Government spokesman Ghazi Hamad said "the language of threats" would not solve the impasse.

"Dialogue is the best way to reach a compromise. Threats only aggravate the crisis. We must give dialogue another chance," he told a news conference.

The document at the centre of the referendum calls for a national unity government, an end to attacks in Israel and the creation of a Palestinian state alongside Israel on land conquered by the Jewish state in 1967.

Such a blueprint would undercut Hamas's long-time platform of refusing to recognise Israel or disavow the use of violence even within the Jewish state's borders, as well as bounce it into a coalition government with Mr Abbas's Fatah faction, which it trounced in a January election.

In a bid to end growing financial and security crises, Mr Abbas had served Hamas last month with a 10-day deadline, which expired at midnight.

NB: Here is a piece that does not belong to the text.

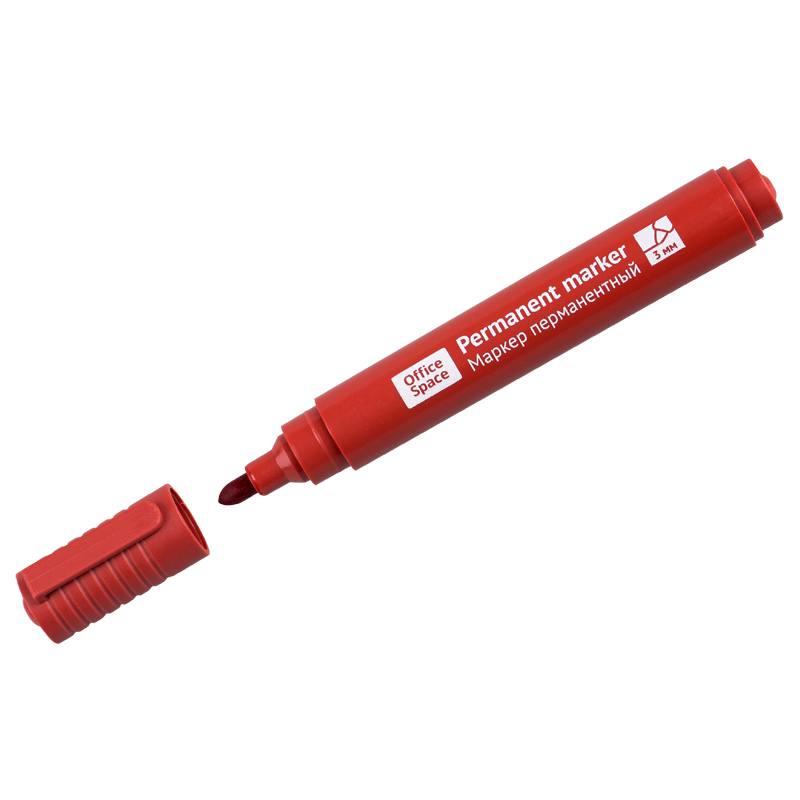 Маркер перманентный 3мм, красный, OfficeSpace 8004А, пулевидный, 265704

He said there must be a deal on solving the crisis and accepting the idea of a Palestinian state alongside Israel, or that he would put the statehood initiative to a referendum.

Washington welcomed his bold move to resolve the issue once and for all.

"Abbas has demonstrated that he's somebody who wants to work toward a two-state solution," said White House spokesman Tony Snow.

"I think it's important for Palestinians to wrestle with the issue of whether they want to have a two-state solution."

The Hamas government's hardline stance has led it to be boycotted and starved of aid from the European Union as well as the United States, bringing the Palestinian Authority to the brink of financial meltdown.

A power struggle between the Fatah-controlled security services and Hamas has also degenerated into deadly clashes in the Gaza Strip.

Hamas's reticence about a referendum stems in part from the polls, which show voters are likely to give the statehood plan overwhelming backing.

A survey released by the West Bank's Bir Zeit university found that 77 percent of Palestinians intend to vote in favour of the blueprint and that electoral support for Hamas had declined by 13 percent.

The prospect of a deal had long looked bleak amid vicious Fatah-Hamas rivalry, which has left at least 16 people dead since early May.

In the latest outbreak, six Palestinians were wounded when the Gaza City headquarters of the Fatah-dominated preventive security service came under mortar attack in broad daylight.